In his acceptance speech at the 41st annual Niagara Falls Volunteer Recognition Awards Night, Verbraeken said volunteers — coaches, especially — are the most comfortable helping others behind the scenes, not in the limelight.
“This is not the reason we do the volunteering, and it’s not the position we like to be in,” the Netherlands native said of being in the spotlight. “I’m much happier being behind the athletes, supporting them, getting them into competitions, getting them into training and helping them reach their goals.”
Connecting rowers with coaches when even in-person erg training was prohibited under pandemic restrictions did a lot more than keep the young athletes engaged in the off-season. Benefits from the workout sessions were seen almost immediately when they got into boats for the first time this year.
“By having done the Zoom workouts over the winter, we were able to get on the water in the summer and, for lack of a better term, hit the ground running,” he said in an interview. “We were really able to just step right into training and train hard.
“Had we not done the Zooms, it would have been a very slow start to the training season once we got on the water.”
The club participated in some head races in crew boats after on-the-water training was limited to singles.
“It was pretty exciting. We had 25, 26 junior kids racing with us this fall,” he said. “It’s nice for the kids to get back and train with other people in the same boats instead of always in singles and always on Zoom.
“It’s really nice for the kids to be able to test themselves on all the training that they have done and get out and compete,” he added.
“It’s nice for us as a club, it’s really nice for me as a coach to get back into crew boats.

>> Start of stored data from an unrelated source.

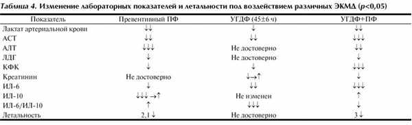 Как видно из табл. 4, наиболее эффективным методом экстракорпоральной детоксикации у больных со СПОН явилось использование комбинированной терапии. Также необходимо отметить, что залогом успеха применения ЭКМД является соблюдение следующих условий: правильность выбора метода, время начала применения, адекватный объем и длительность процедуры.
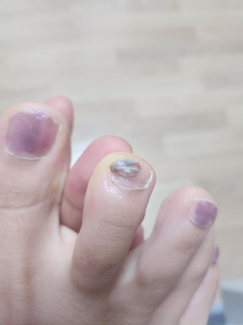 이렇게 발톱이 멍이들었는데 어떻게해야 없어질까요? 뽑아야되나 손톱깍이로 멍든부분만 깍아야될까요?ㅠㅠ...가르쳐주세요!~
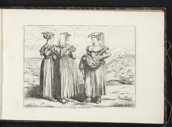 Curator: This is "Three Women from Sonnino" by Bartolomeo Pinelli, created in 1819. Pinelli was a master of etching, and here he used ink on paper to depict a scene from daily life in the Roman countryside. Editor: The light in this piece strikes me first. Even with the stark ink lines, the figures are rendered with such volume, the fabrics of their garments seem to catch the sun. And look at the way their expressions, it really tells of some narrative! Curator: Exactly. Pinelli wasn't just capturing what people looked like, he was also very much portraying Roman identity and social norms. His artistic production fed into a burgeoning market of grand tourists seeking out an idea of Italy, and as an etcher and engraver he made this subject-matter accessible for a broad audience. It’s genre painting but elevated through the skill and distribution. Editor: And you see how distinctly Pinelli renders the individual garments: each crease, each fold and seam is a testament to skilled labour—you start thinking of the processes that went into them. The way those lines gather and swell really conveys that handcraft so immediately. Even if they seem standardized, the clothes also mark differences: there are very minute design shifts in terms of the three different women's clothing that indicate levels of personal tastes. Curator: That focus also served the nationalist project of the Risorgimento, framing regional traditions in heroic terms and feeding the myth of a unified people rooted in common traditions. Pinelli also ran in somewhat radical circles. His etchings made imagery of popular life, popular unrest, and brigands visible—images circulated to comment and shape civic culture. Editor: That’s powerful – his decision to work with the immediacy of line in turn produced direct narratives. By attending to how ordinary clothes take on material qualities that signal class, skill, taste, and custom he delivers more than just picturesque scenery. This emphasis humanizes the scene and renders the viewer complicit in the creation of a sense of national identity. Curator: Precisely. He walks the line between objective observation and politically charged narrative. Thinking about "Three Women from Sonnino", in terms of the wider politics it speaks of the drive to visually consolidate notions of Italian-ness, through both making art available and depicting regional characters from everyday life. Editor: It's fascinating how something created with such direct and utilitarian methods— ink on paper—can carry such potent narratives about tradition, labor, and national identity even now.
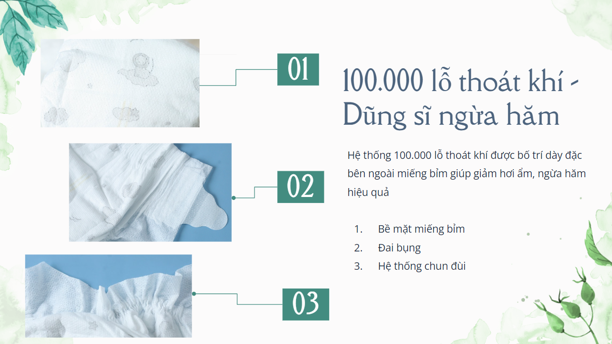 100.000 lỗ thoáng khí: được bố trí dày đặc bên ngoài miếng bỉm giúp giảm hơi ẩm và ngừa hăm hiệu quả

Zoom training sessions can’t compare with person-to-person coaching, but Verbraeken gives the athletes credit for making it work.
“I think there is always something that gets lost (in the translation), but not much,” he said. “It’s surprising how effective you can really make a Zoom workout when the kids are actively and willingly participating in it.

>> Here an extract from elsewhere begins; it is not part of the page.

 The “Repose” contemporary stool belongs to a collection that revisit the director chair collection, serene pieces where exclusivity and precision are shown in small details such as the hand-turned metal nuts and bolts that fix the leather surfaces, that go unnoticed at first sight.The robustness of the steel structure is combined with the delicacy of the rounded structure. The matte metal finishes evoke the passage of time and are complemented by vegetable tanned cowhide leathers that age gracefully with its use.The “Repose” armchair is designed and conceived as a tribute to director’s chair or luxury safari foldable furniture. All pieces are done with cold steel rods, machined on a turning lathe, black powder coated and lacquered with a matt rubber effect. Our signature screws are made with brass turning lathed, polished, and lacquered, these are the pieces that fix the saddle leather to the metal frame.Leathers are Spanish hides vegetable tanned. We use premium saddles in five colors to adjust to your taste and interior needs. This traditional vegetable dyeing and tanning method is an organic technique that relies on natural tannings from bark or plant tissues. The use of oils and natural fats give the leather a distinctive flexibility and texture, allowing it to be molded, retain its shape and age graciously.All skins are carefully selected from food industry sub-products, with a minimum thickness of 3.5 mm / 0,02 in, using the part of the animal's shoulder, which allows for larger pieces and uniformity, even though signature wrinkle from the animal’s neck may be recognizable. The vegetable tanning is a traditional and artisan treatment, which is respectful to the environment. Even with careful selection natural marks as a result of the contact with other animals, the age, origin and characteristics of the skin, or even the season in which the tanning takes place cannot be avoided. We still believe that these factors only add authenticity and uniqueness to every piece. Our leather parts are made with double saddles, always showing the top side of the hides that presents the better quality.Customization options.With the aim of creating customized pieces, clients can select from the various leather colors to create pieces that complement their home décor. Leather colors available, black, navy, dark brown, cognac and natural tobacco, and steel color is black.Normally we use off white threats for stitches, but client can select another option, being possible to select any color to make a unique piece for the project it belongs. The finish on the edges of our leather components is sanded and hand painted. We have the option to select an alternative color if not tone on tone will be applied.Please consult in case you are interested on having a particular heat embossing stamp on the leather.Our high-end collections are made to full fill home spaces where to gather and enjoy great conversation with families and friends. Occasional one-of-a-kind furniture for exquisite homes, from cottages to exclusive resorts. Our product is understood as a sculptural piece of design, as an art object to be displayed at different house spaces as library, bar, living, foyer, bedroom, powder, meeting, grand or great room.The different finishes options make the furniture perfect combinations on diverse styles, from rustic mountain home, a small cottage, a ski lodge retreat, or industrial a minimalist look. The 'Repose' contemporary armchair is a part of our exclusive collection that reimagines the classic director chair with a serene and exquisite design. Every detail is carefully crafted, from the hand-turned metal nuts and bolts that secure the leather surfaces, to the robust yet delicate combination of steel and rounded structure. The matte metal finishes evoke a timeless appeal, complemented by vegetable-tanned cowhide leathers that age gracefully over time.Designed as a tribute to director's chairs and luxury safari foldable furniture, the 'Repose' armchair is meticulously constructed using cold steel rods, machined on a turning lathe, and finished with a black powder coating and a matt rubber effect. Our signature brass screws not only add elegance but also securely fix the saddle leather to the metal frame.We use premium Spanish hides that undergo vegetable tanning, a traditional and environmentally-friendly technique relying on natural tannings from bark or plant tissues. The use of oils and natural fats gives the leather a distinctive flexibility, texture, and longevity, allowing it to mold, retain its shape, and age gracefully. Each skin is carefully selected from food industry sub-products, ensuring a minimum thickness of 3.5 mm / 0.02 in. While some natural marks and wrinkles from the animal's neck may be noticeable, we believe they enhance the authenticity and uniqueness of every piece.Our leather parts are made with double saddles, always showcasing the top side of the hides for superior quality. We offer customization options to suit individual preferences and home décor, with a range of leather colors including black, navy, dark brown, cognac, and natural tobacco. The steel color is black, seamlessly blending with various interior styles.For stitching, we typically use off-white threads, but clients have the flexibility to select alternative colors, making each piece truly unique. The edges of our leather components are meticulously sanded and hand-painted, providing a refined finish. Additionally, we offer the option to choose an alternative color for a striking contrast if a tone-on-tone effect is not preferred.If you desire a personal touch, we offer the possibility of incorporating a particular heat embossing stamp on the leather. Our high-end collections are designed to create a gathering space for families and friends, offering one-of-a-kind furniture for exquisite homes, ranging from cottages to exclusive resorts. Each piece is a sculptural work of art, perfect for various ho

“They got the camera set up, they’ve got earbuds in so they hear what you’re saying to them.”
Unlike the young athletes in his club, Verbraeken, who came to Canada at age three in 1972 and grew up in St. Catharines where he rowed at the former Lakeport Secondary School, doubts he would have been able to develop as a rower over Zoom.
“No, I don’t think I was that type of athlete. I really needed a team environment,” he said with a laugh.
“Everyone wants to do better than the other guys on your team, that natural competitive spirit,” he added.
“I don’t think I could have done it when I was in high school.”
Verbraeken got back into rowing in the early 1990s after stepping away from the sport for a few years.
“I happened to find myself down at the St. Catharines Rowing Club one day,” he recalled. “If it wasn’t for Tony Arcuri from Saint Paul having a little ad up on a bulletin board, ‘Coaches wanted,’ I probably would have ended up coaching for a school in St. Catharines.”
He began coaching at Saint Paul in 1992. Arcuri and Verbraeken still coach Saint Paul rowers, as well as athletes from Saint Michael, A.N. Myer, Westlane and Greater Fort Erie.
The Niagara Falls Rowing Club started in 2012 in his backyard on Lyons Creek. It was launched with two boats and “about 10 kids.”
Current membership is 100 athletes ranging in age from eight to close to 80.
“It’s really a sport for all ages,” Verbraeken said in his acceptance speech.
And, for Wernher Verbraeken and wife Josephine, a sport for the whole family. Their son Jacob recently became the club’s vice-present and daughter Katarina, who is attending Nova Southeastern University on a rowing scholarship, will be running Zoom workouts from her dorm room in Fort Lauderdale, Fla.